Camiguin Telecom back to the Quality of 1994?

Camiguin Telecom

Camiguin Telecom or short CamTeco suffers.

The local provider of telecommunication services on the small island of Camiguin seems to feel the anger of frustrated customers. This morning the bill’s collector came to our house as usual to collect the phone bill of last month. Stapled on the bill I found this little paper:

Camiguin Telecom

Exciting !

I really had been excited because just now we are testing different providers with different connections. I did just a quick and dirty test. Here is the result. Both tests went towards the PLDT server in Manila. I stayed in the same location and used the same computer. For non-networkers: The Latency informs about the time passed between sending a request and receiving the begin of answer. CAMTECO was 9 times slower than SMART. Mbps download indicates how much date one receives from the Internet per second. Camiguin Telecom was 25 times slower than SMART. And finally Mbps upload informs about the speed of sending data. SMART was 11 times faster than CAMTECO.

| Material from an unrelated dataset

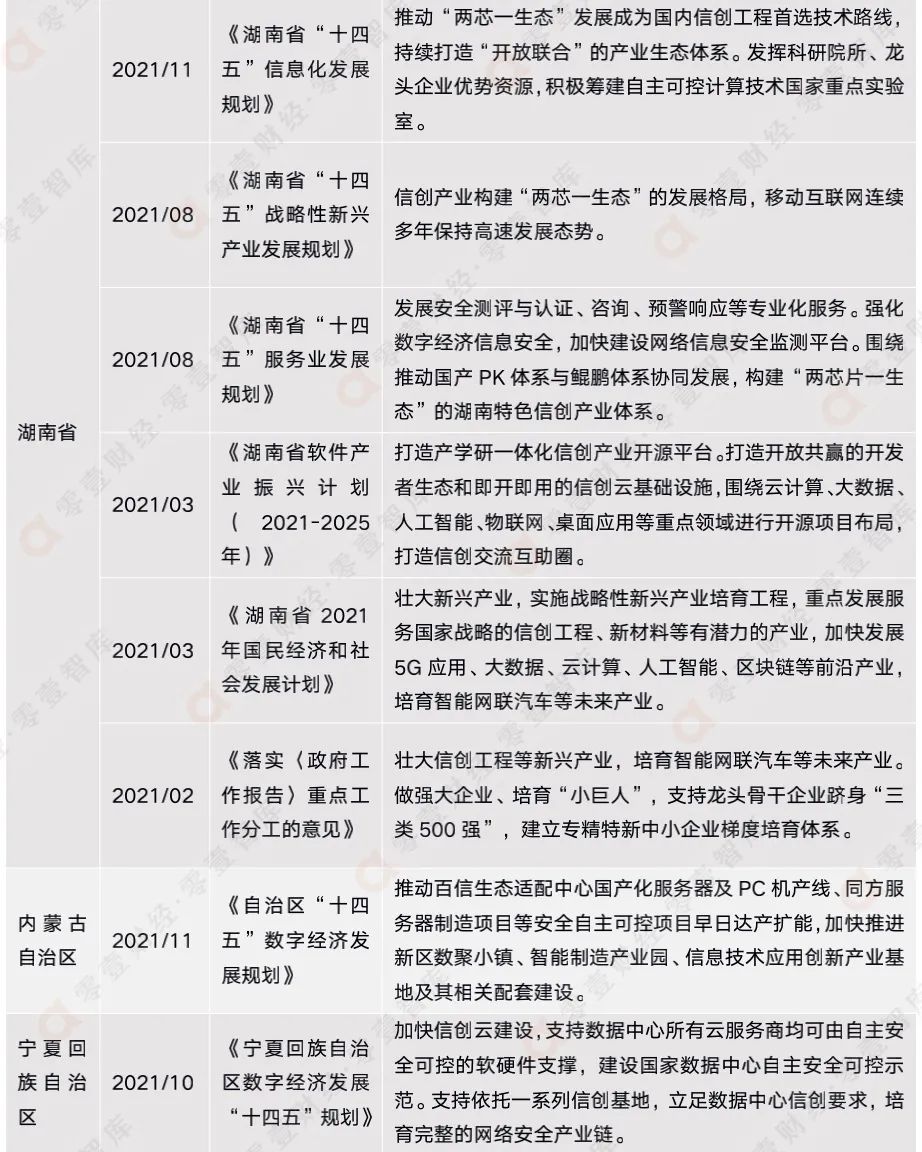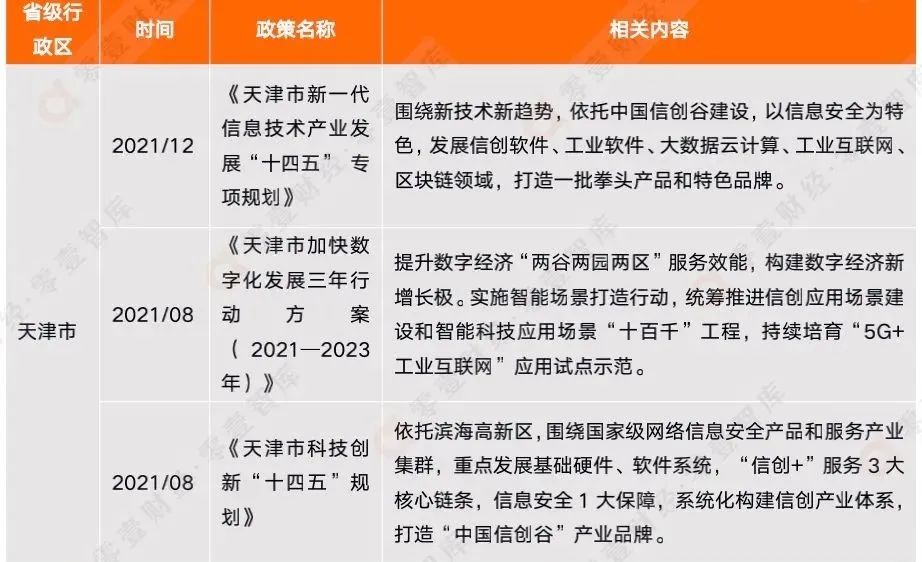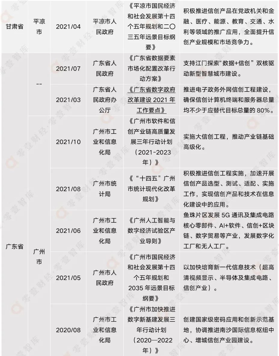 附錄二:全國各省市信創相關政策匯總(截至2021年12月)

Camiguin Telecom at 13:30 p.m. on March 20 SMARTbro 3G at 13:32 p.m. on March 20
CAMTECO SMARTbro

The excitement vanished immediately. Where is the improvement?

Where are the Good News ?

As indicated on the little paper on the bill, I went to the local website of CAMTECO. If you are a current customer, you can try 172.18.0.8 in your browser’s address bar. As it is an internal server of Camiguin Telecom, only active customers can reach this website. I report some extracts which do not violate their copyright.

Welcome CAMTECO subscribers!

CAMTECO is working to restore the quality of service when we started in 1994(1). Visit this site more often for announcements and tips to improve our service.

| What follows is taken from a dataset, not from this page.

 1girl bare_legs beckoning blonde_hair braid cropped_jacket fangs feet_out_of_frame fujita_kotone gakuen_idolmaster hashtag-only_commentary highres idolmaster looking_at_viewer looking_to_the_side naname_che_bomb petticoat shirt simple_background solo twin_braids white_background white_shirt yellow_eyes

Internet speed improvements
As a small provider we have limited bandwidth to connect you to the outside world(2). With this tips we can improve your browsing speed. We also need your cooperation.

This text is followed by recommendations such as using a Proxy server or use of basic versions of services like facebook (mbasic.facebook.com). They also recommend to watch movies after 10 p.m. They say:

We setup an internal-only Speedtest server(3) so that you can check your connection speed. The higher speed, the better. The lower ping time, the better. Click here to run it. (The link works only for CAMTECO customers.)

Some few comments

(1) Does somebody sell a 300 baud modem or maybe a 9.6kbps box?  No, that’s a bit a nasty interpretation. Sorry!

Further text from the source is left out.